Клеманс не смогла скрыть радостного вздоха.
– И когда он приезжал повидаться с вами, вы были… счастливы?
– О да! Для меня это было больше чем счастье… чувство признательности, преклонения, восхищения и робости.
– Вы робели?
– Да. Между ним и мною… между ним и всеми другими… было такое расстояние…
– Каков же был его титул?
– Я не знаю, был ли у него титул, сударыня.
– Но вы же говорили о расстоянии между ним и всеми остальными!
– Ах, сударыня, его возвышает над всеми его благородство, бесконечное милосердие ко всем, кто страждет… надежда и вера, которые он внушает всем. Даже самые отъявленные злодеи содрогаются, когда слышат его имя… Они страшатся его, но в то же время почитают… Но простите меня, сударыня, что я опять говорю о нем… Я должна умолкнуть. Все равно я не смогу описать вам того, на кого можно только молиться в молчании… Это все равно что пытаться описать словами величие господа бога…
– Однако такое сравнение…
– Может быть, оно святотатственно, сударыня… Но разве можно оскорбить творца, сравнивая его с тем, кто внушил мне понятие о добре, кто поднял меня из бездны и кто, наконец, дал мне новую жизнь?
– Я не порицаю вас, дитя мое, я понимаю ваши благородные преувеличения. Но как же вы покинули эту ферму, где вы должны были жить так счастливо?
– Увы, не по доброй воле, сударыня!
– Кто же вас заставил?
– Однажды вечером, несколько дней назад, – отвечала Лилия-Мария, все еще содрогаясь от этих воспоминаний, – я возвращалась из дома нашего деревенского кюре, когда на меня набросилась злая женщина, которая мучила меня все мои детские годы… и ее сообщник, затаившиеся за поворотом овражной дороги. Они схватили меня, заткнули рот и увезли в фиакре.
– С какой же целью?
– Не знаю, сударыня.
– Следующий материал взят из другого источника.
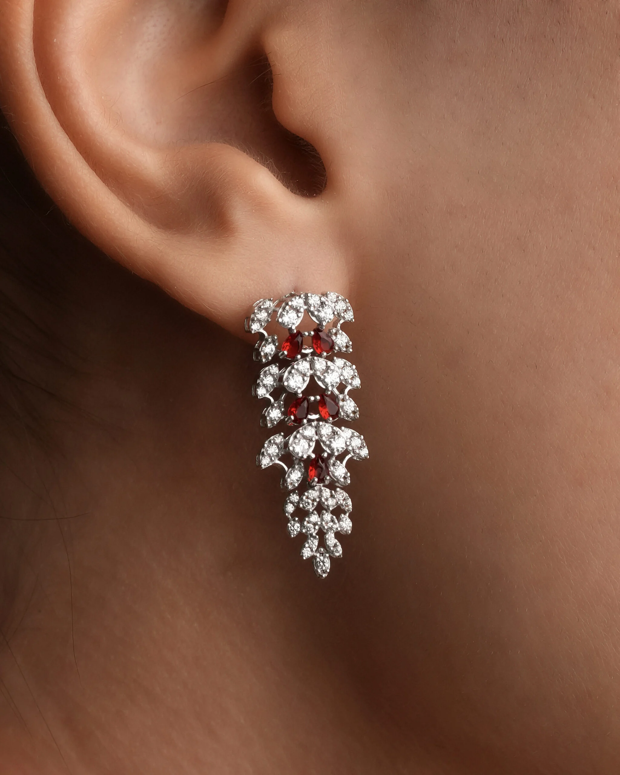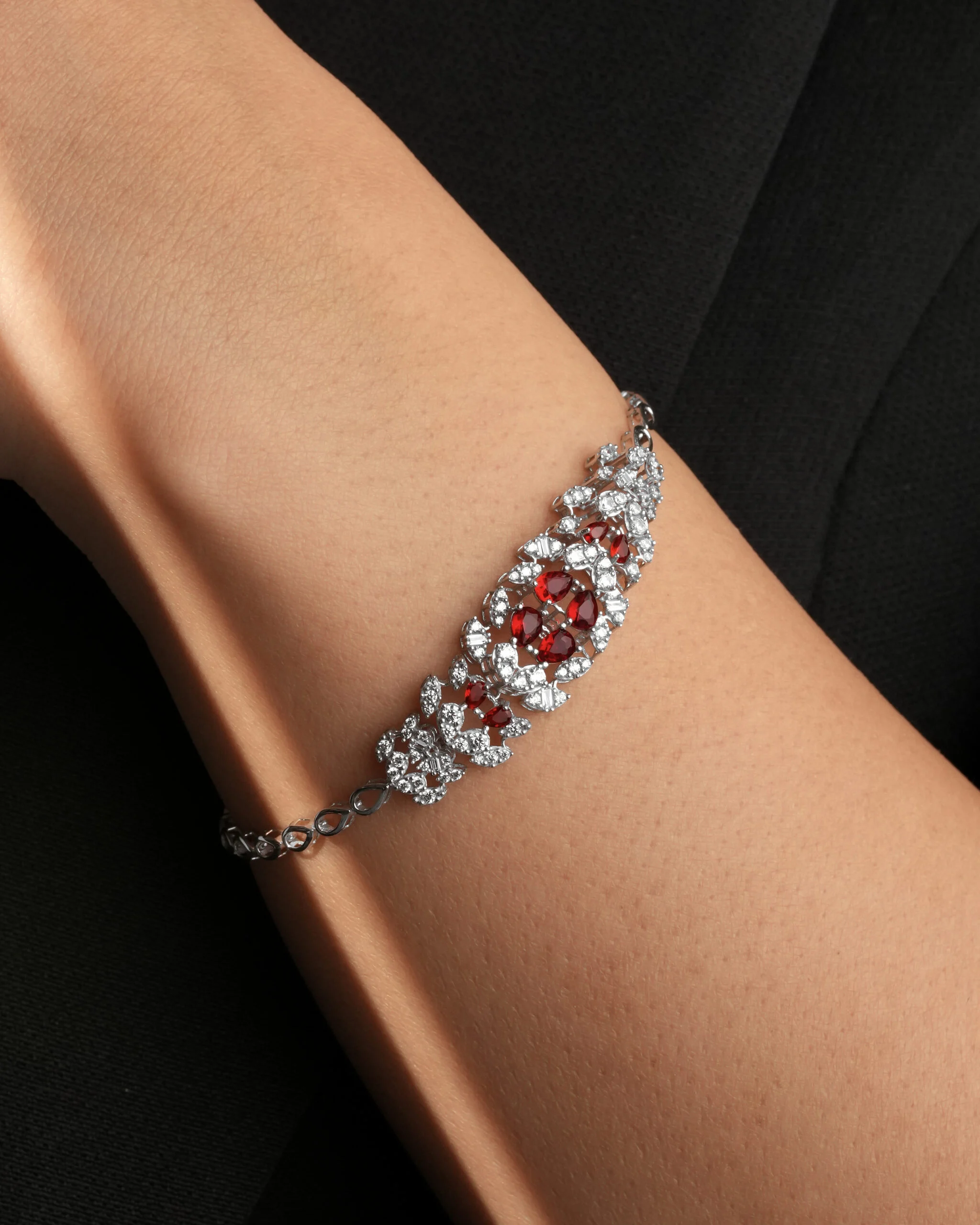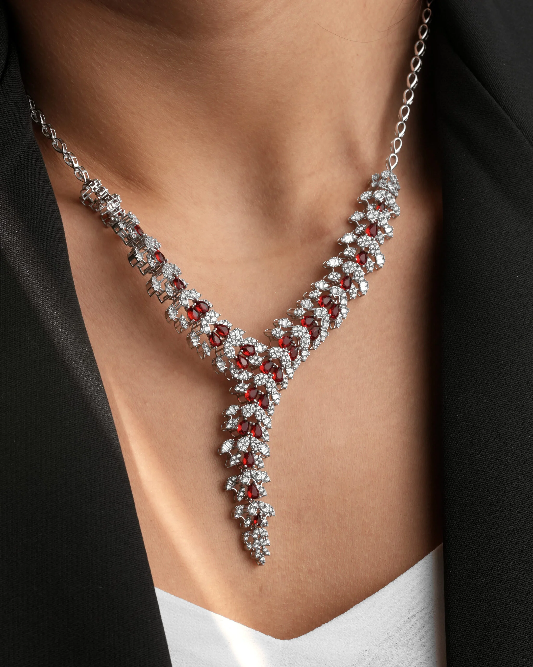​این سرویس بر پایه جواهری کلاسیک و لوکس، با طراحی هنرمندانه و خیره‌کننده، یک انتخاب بی‌نظیر برای مراسم و مهمانی‌های شماست. زنجیر سنگین و ضخیم این سرویس، استحکام و زیبایی را همزمان به ارمغان می‌آورد. ​این سرویس شامل گردنبند، گوشواره و دستبند است که هر سه با نگین‌های کریستالی اتمی براق و سنگ‌های قرمز رنگی تزیین شده‌اند. طراحی سه‌بعدی و دقیق نگین‌ها، نور را به زیبایی منعکس کرده و جلوه‌ای باشکوه ایجاد می‌کند.

Мои похитители, я полагаю, исполняли приказ какой-то могущественной особы.
– И что же последовало за вашим похищением?
– Едва фиакр тронулся, злая женщина по прозвищу Сычиха закричала: «У меня с собой флакончик серной кислоты, сейчас оболью личико этой Певуньи, чтобы никто ее не узнал!»
– Какой ужас!.. Несчастная девочка!.. Кто же тебя спас?
– Сообщник этой женщины… слепец по прозвищу Грамотей.
– Он встал на твою защиту?
– Да, сударыня. В этот раз и еще потом. Тогда Грамотей силой заставил ее выбросить в окошко фиакра бутылочку с серной кислотой. Это было его первое доброе дело, хотя он и помогал похитить меня… Ночь была непроглядная… Часа через полтора карета остановилась, наверное, где-то на большой дороге, которая пересекает равнину Сен-Дени. Здесь нас ждал всадник. «Ну, что? – спросил он. – Она в наших руках наконец?» – «Да, в наших, – ответила Сычиха, все еще разъяренная, потому что ей помешали изуродовать меня. – Если хотите избавиться от этой крошки, есть хороший способ: я ее положу на дорогу, чтобы колеса нашей телеги проехали ей по голове… и все будет так, будто это несчастный случай!»